John Calder
It was in the early fifties that Ken McCormick of Doubleday told me of a new publisher in New York who might be interested in the kind of publishing in which I was already engaged in London. I met Barney Rosset in his new office, and later in the early evening he phoned me to invite me to dinner. He then picked me up at the Gotham Hotel with his girlfriend, a pretty artist called Link, and we dined at the Coq d’Or nearby.
In a short time I had arranged to import his first Evergreen books and later Evergreen Reviews into Britain, including the first post-war edition of Samuel Beckett’s Murphy, and being interested in contemporary French literature, we were soon sharing translation costs of authors like Robbe-Grillet and Marguerite Duras. From him I acquired Alexander Trocchi and I sold him Aidan Higgins, and so it went on with a few ups and downs.
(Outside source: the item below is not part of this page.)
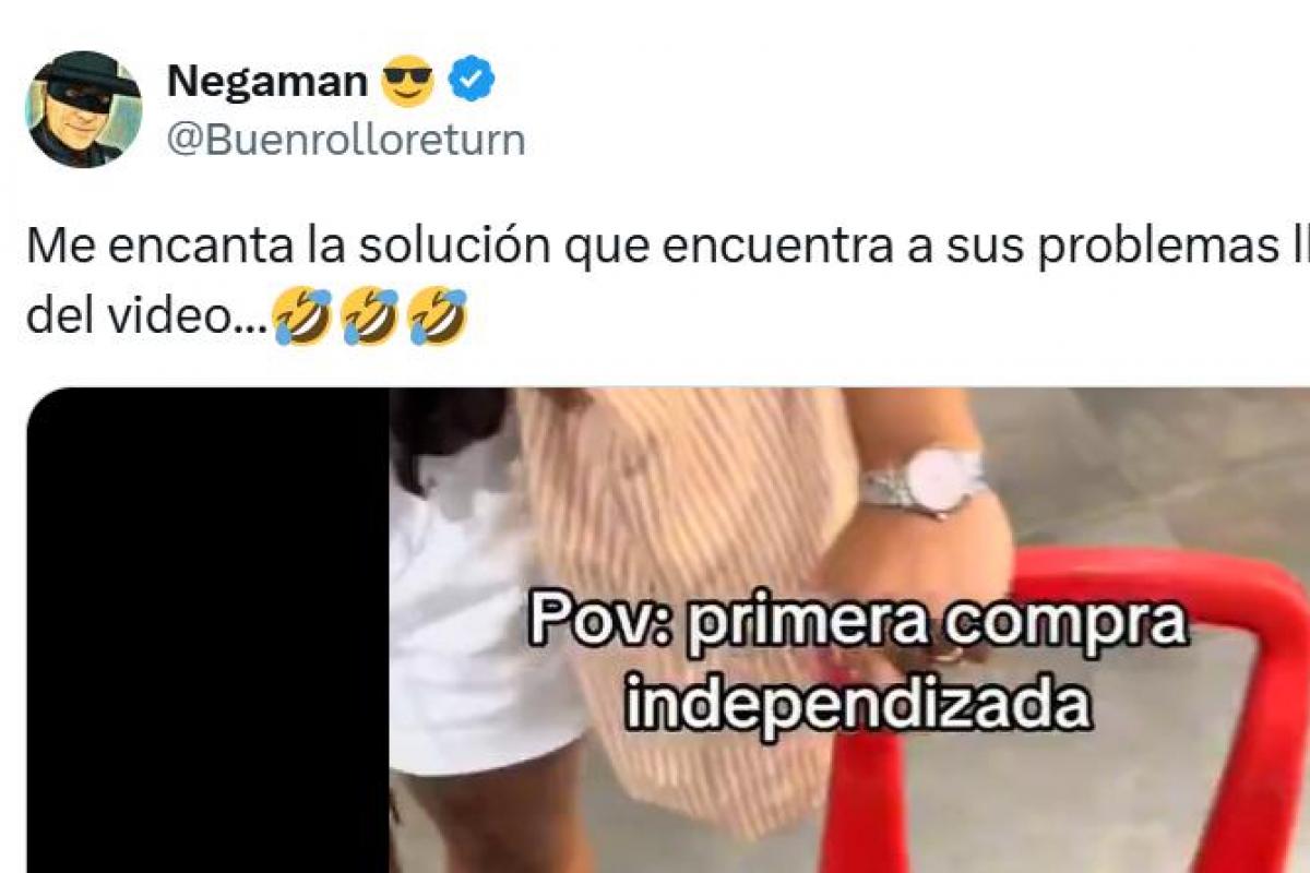 "Me encanta la solución que encuentra a sus problemas llegando al final del video...", ha comentado el usuario de la red social X, anteriormente conocida como Twitter, @Buenrolloreturn, justo antes de adjuntar el TikTok de la humorista que habla sobre su primera compra como independizada.
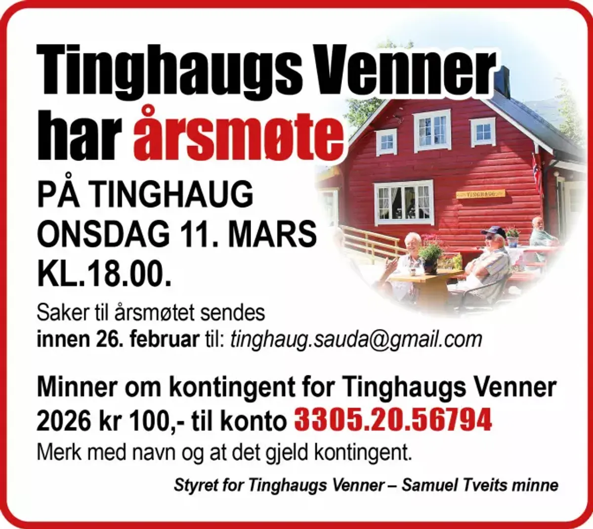 Saker til årsmøtet sendes innen 26. februar til: tinghaug.sauda@gmail.com Minner om kontingent for Tinghaugs Venner 2026 kr 100,- til konto 3305.20.56794 Merk med navn og at det gjelder kontingent.

When we both contracted the second two parts of Beckett’s Molloy trilogy, written in French, but could not get Molloy because Maruice Girodias of Olympia Press had the rights, I worked out a plan whereby the three of us would each bring out his own edition of the three by exchanging contracts.
My activities as literary organizer of writer’s conferences for the Edinburgh Festival, a new literary innovation for a festival specializing in music, drama and the plastic arts – led to William Burroughs and Henry Miller getting British recognition (Miller was already contracted to Barney thanks to Girodias), and in 1963 I contracted and then published Tropic of Cancer. Barney wanted to offset his legal expenses by co-publishing the British edition, but as he withheld the contract until after publication, he lost the opportunity. This led to a long war between us, lasting about a decade with no cooperation, especially over translations or exchanges of authors. But the quarrel was made up, although other events sometimes soured what was often a close relationship.
In personal terms we were usually friends and many long nights were spent together in the bars and late-night clubs of London, New York, Frankfurt, Paris and elsewhere. We shared adverse reactions to right-wing politics and causes and were most comfortable in bohemian society. Barney was a frustrated writer, whose life-style made concentration difficult as well as involving him ultimately in economic difficulties, but he was always nostalgic about his army days, and he remained very much a warrior whether his battlefield was publishing, involvement in film, causes or whatever other activities he took up. Above all he had unquenchable courage to defend what he believed in and no adversity could reduce it.